И все же ей потребовалось минут тридцать, чтобы решиться. Много раз она начинала набирать номер на коммуникаторе и останавливалась, сидя на коленях возле лежащего на полу отца. Но он все не приходил в себя, и, наконец, Асхелека набрала проклятый номер. Замирая от ужаса, она прищемленным голосом продиктовала оператору их адрес и причину вызова: потеря сознания, высший телепат.

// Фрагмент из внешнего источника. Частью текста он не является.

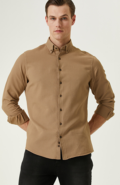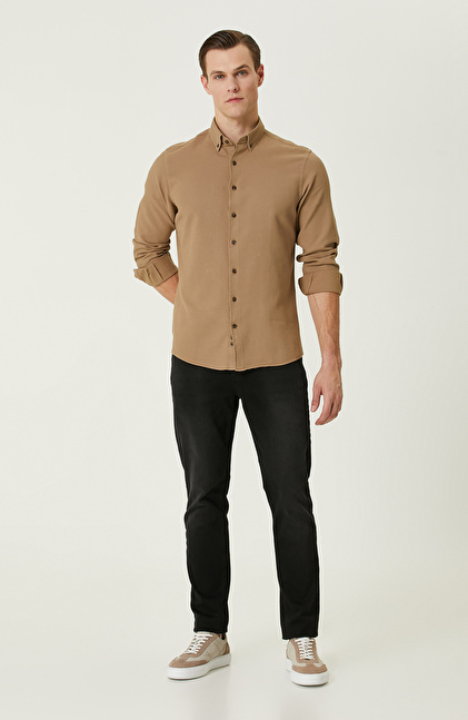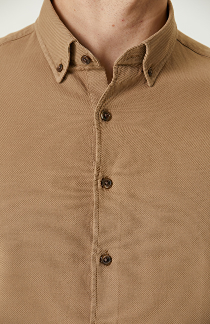 Comfort Fit; Düğmeli Yaka; Uzun Kol; Dokuma Gömlek; Parça Boyalı; Petek Desenli

Когда приехали врачи – их было двое – их брови поползли вверх. Асхелека отвела взгляд, глядя в сторону. Впервые за всю жизнь она предстала перед кем-то, кроме отца, без парика. Но надевать его смысла уже не было – ведь прямо сейчас ее отца просканируют, и все узнают про нее.
Ее сознание словно застыло, уже не посылая сигналов о страхе или смущении. Остались только апатия и безразличие. Чувствуя себя преступницей, пойманной после побега, она молча ждала, когда они осмотрят ее отца и вызовут полицию, но все произошло совсем не так, как ей представлялось.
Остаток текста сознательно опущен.